• [REQUIREMENT]: Your output should be exactly the lines from the one containing "Участок ровный, прямоугольный, полностью" through the final line of the following data, please, with no pictures.

• [SUPPLIED RECORDS]:
********************

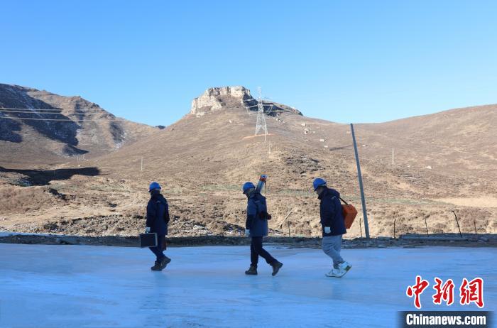 圖為國網(wǎng)青海檢修公司輸電運檢人員李承鴻、楊濤、梁威對750千伏拉寧線開展春節(jié)前特巡。朱毅然 攝
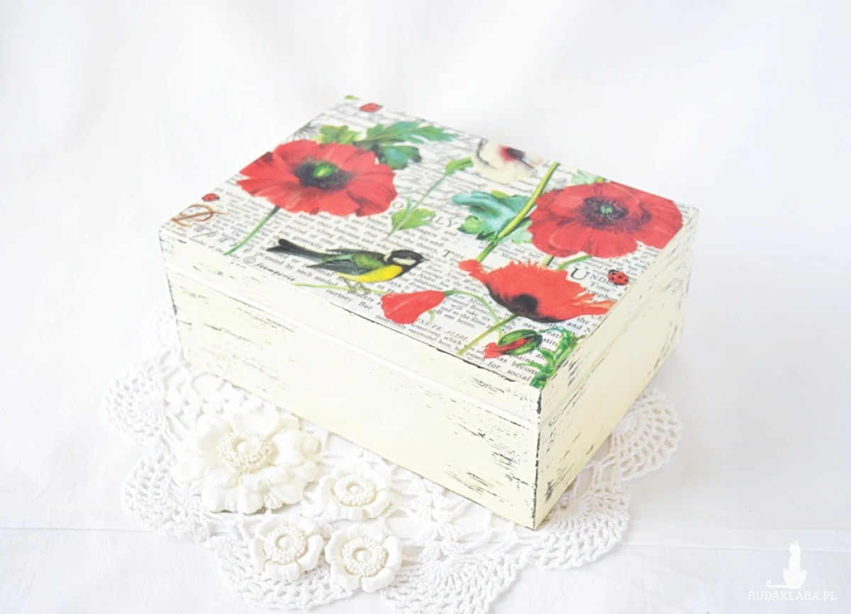 Drewniane pudełko zdobione ręcznie techniką decoupage – metoda serwetkowa
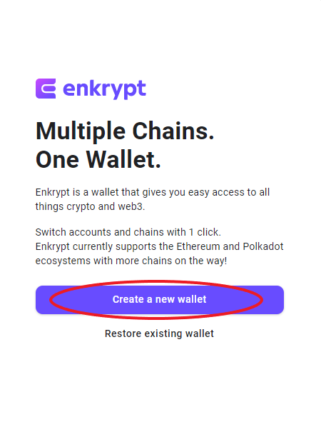 Download Enkrypt, install, click on the Enkrypt icon in the toolbar, and choose 'Create a new wallet'.
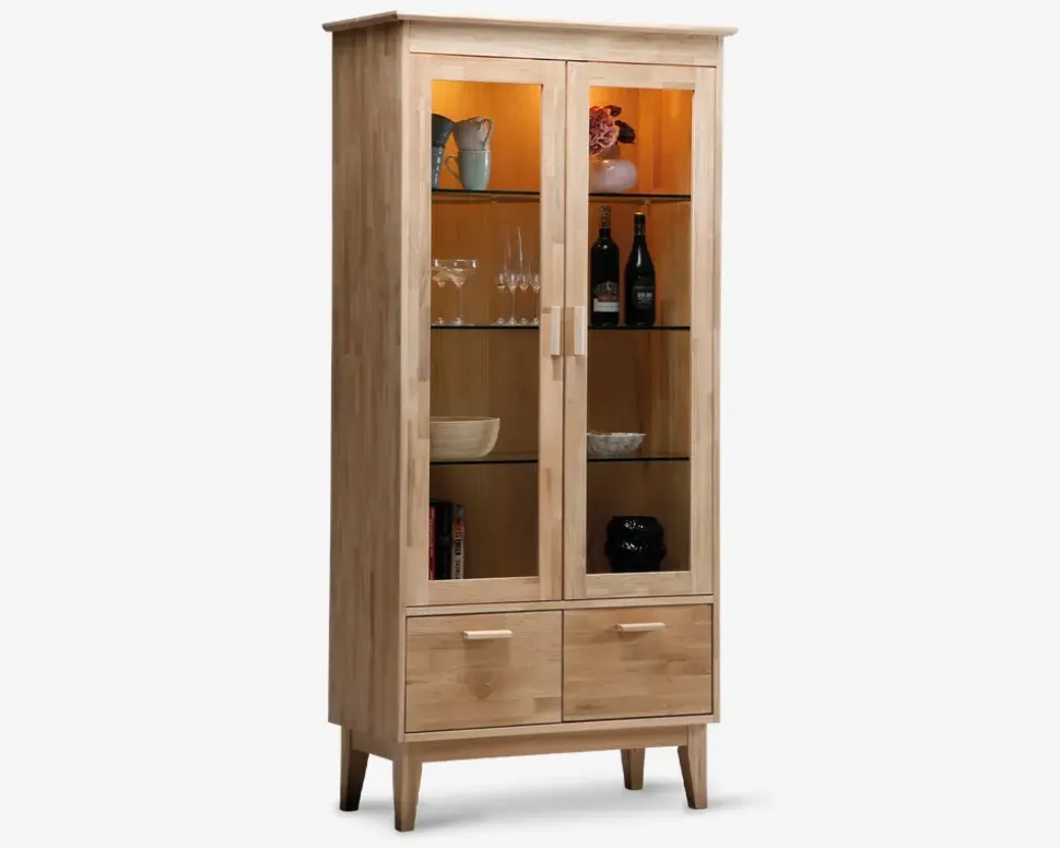 En flot vitrine i massiv stavlimet eg, med døre i fineret eg, og finish i hvid olieret. Vitrinen passer fint ind i stilen med et af vores plankeborde. Her får du mulighed for masser af opbevaring, 2 rumlige skuffer samt de 3 hylder som kan justeres en smule i højden, giver mulighed for opbevaring af service og glas, i spisestuen hvor du ofte benytter det. Både skuffer og låger leveres med softclose, som giver en eksklusiv følelse, og samtidig sikre at døren ikke smækker i med et brag. På alle hylder er der monteret LED lys, som giver en hygge til stuen, når mørket falder på.Vitrinen leveres usamlet, og vi anbefaler at I er 2 når vitrinen skal samles og flyttes. Den træet er hvidolieret fra producenten, men vi anbefaler at du behandler vitrinen med hvid olile før du tager den i brug., på den måde sikre du den stærkeste overflade. Du bør desuden for at holde den lyse farve, efterbehandle vitrinen 1 til 2 gange om året. Det kan være svært at sige hvor ofte det skal ske, det afhænger meget af placeringen af møblet, står det i direkte solskin en del af dagen, eller tæt på en varme kilde, kan det være nødvendigt at behandle træet oftere. De er vigtigt at du følger vejledningen på det produkt du vælger at efterbehandle med. Ege træ er en hård træsort, og den ridses ikke nemt, skulle uheldet være ude kan træet slibes ned, og derefter hvidolieres igen, dette er et stort arbejde, hvorfor man med fordel bør forsøge at undgå skader.
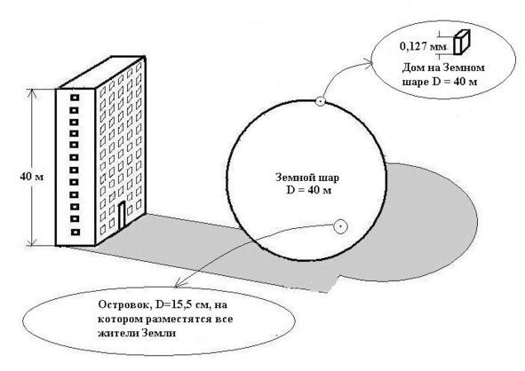 Ну, а если всё население Земли собрать вместе, эту задачку, помнится, уже решил Антуан де Сент-Экзюпери, собрать на островке, выделив каждому из семи с половиной миллиардов площадь по четверти квадратного метра, то каких же размеров будет сей остров на шарике диаметром в 40 метров? Оказывается, размером он будет менее 16-и сантиметров! Его даже на картах не отметишь!
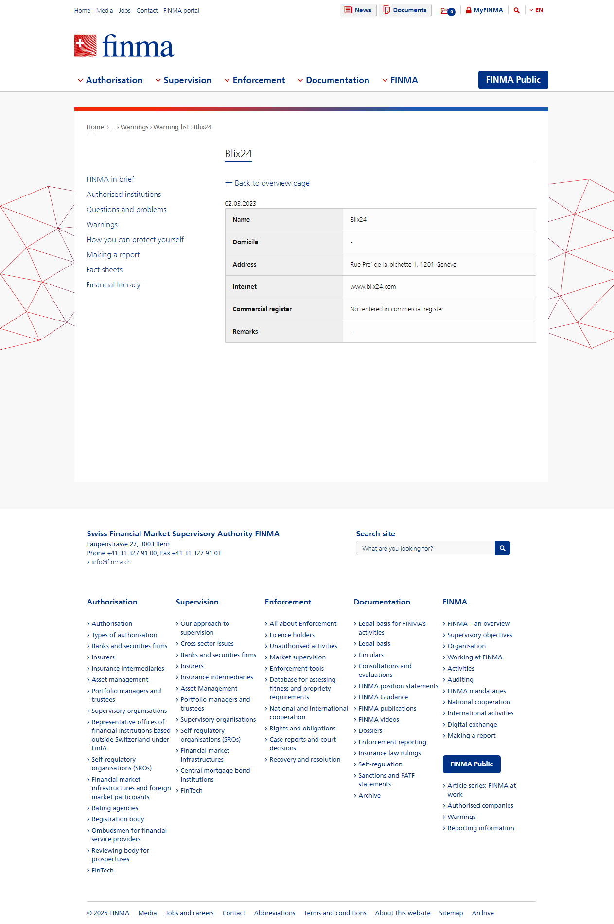 Warning list of unauthorised companies and individuals Public warning Warning list of companies and individuals who may be carrying out unauthorised services and are not supervised by FINMABlix24
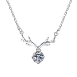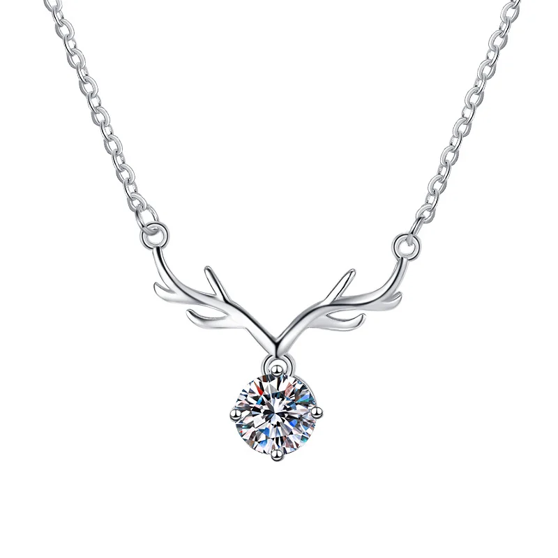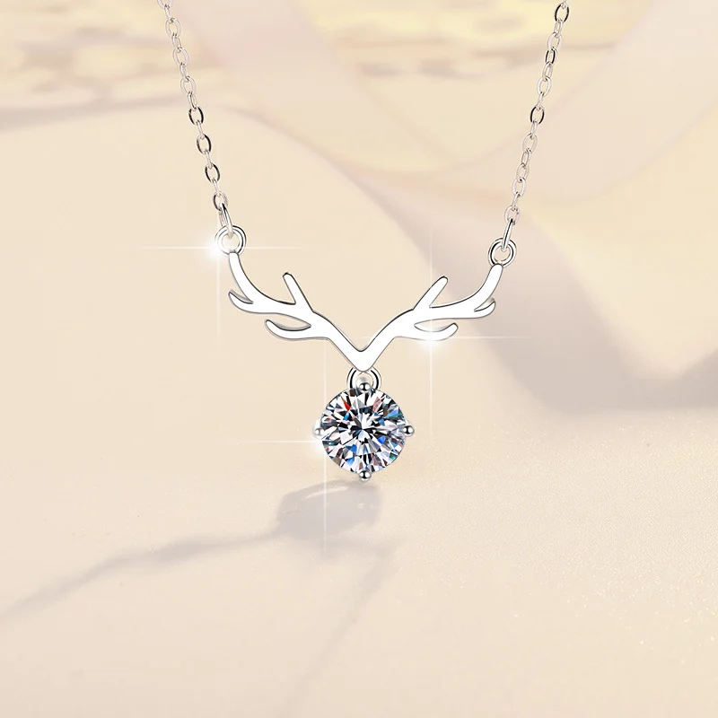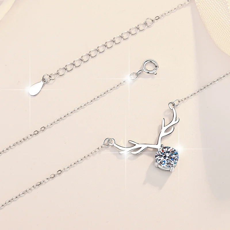 Elegant Deer Antler Pendant Necklace with a White Gold Finish
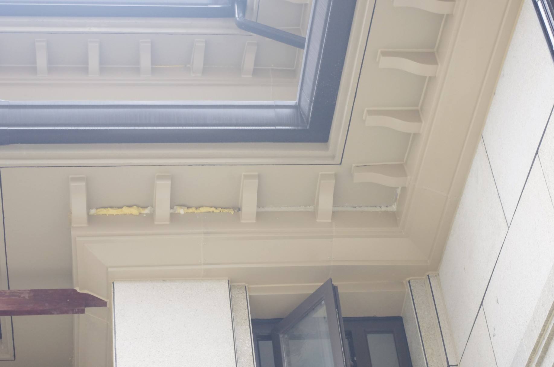 2、在每一個墻角安裝的地方之前,必須將陰角線里的雕花滑塊裁出一個完整的花,刨去滑邊,以便打釘處黏上蓋合。
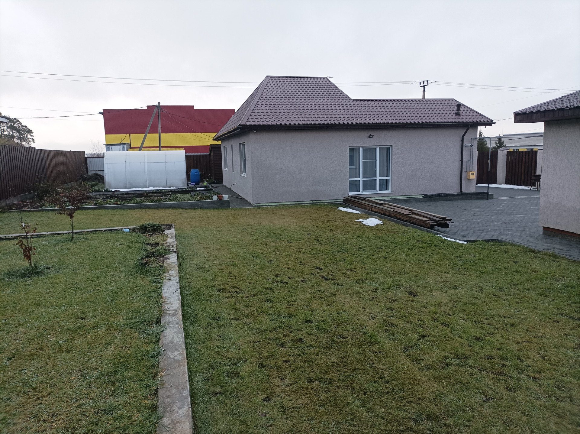 Участок ровный, прямоугольный, полностью обустроен: частично выложен бетонной плиткой 80 мм, частично засеян газонной травой, частично занят огородом и теплицами, с системами полива и отвода дождевой воды. Плодородную землю завозили в 2022 г., растут виктория, крыжовник, смородина, малина, облепиха, голубика, земляника, вишня, яблони, сливы.
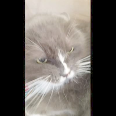 A woman tells a cat on a staircase to say grandma, then it growls and swats at her face.
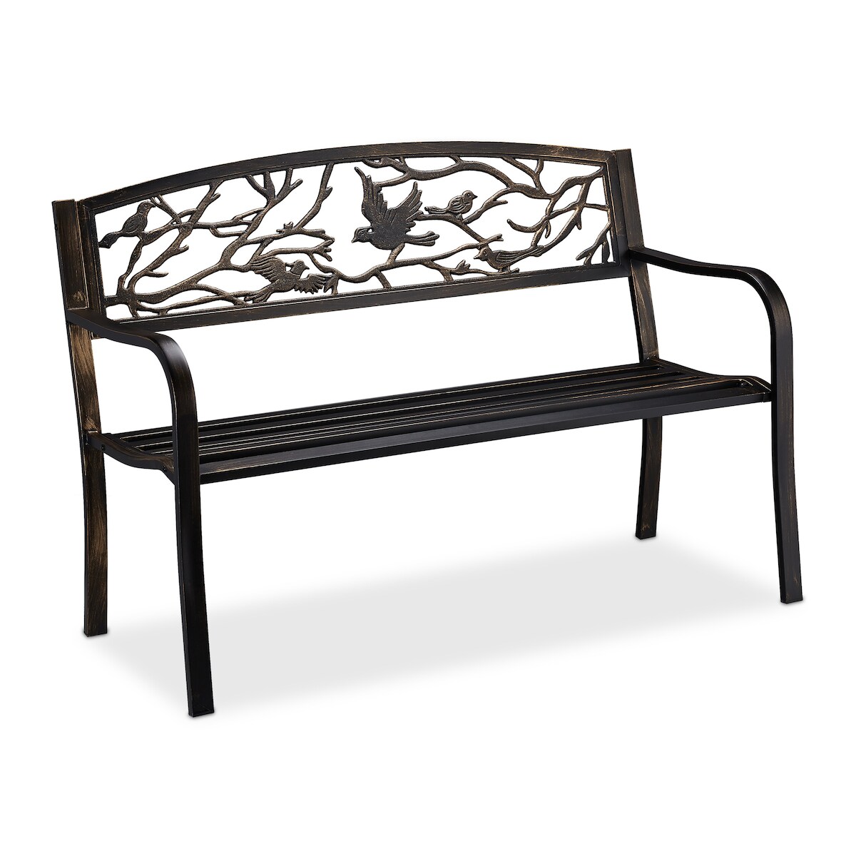 Relaxdays Gartenbank, Vögel Muster, 2-Sitzer, Vintage, Garten & Balkon, Stahl, Sitzbank, 87x127x57 cm, schwarz/bronze

********************

• [ANSWER TO THIS PROBLEM]:
 Участок ровный, прямоугольный, полностью обустроен: частично выложен бетонной плиткой 80 мм, частично засеян газонной травой, частично занят огородом и теплицами, с системами полива и отвода дождевой воды. Плодородную землю завозили в 2022 г., растут виктория, крыжовник, смородина, малина, облепиха, голубика, земляника, вишня, яблони, сливы.
 A woman tells a cat on a staircase to say grandma, then it growls and swats at her face.
 Relaxdays Gartenbank, Vögel Muster, 2-Sitzer, Vintage, Garten & Balkon, Stahl, Sitzbank, 87x127x57 cm, schwarz/bronze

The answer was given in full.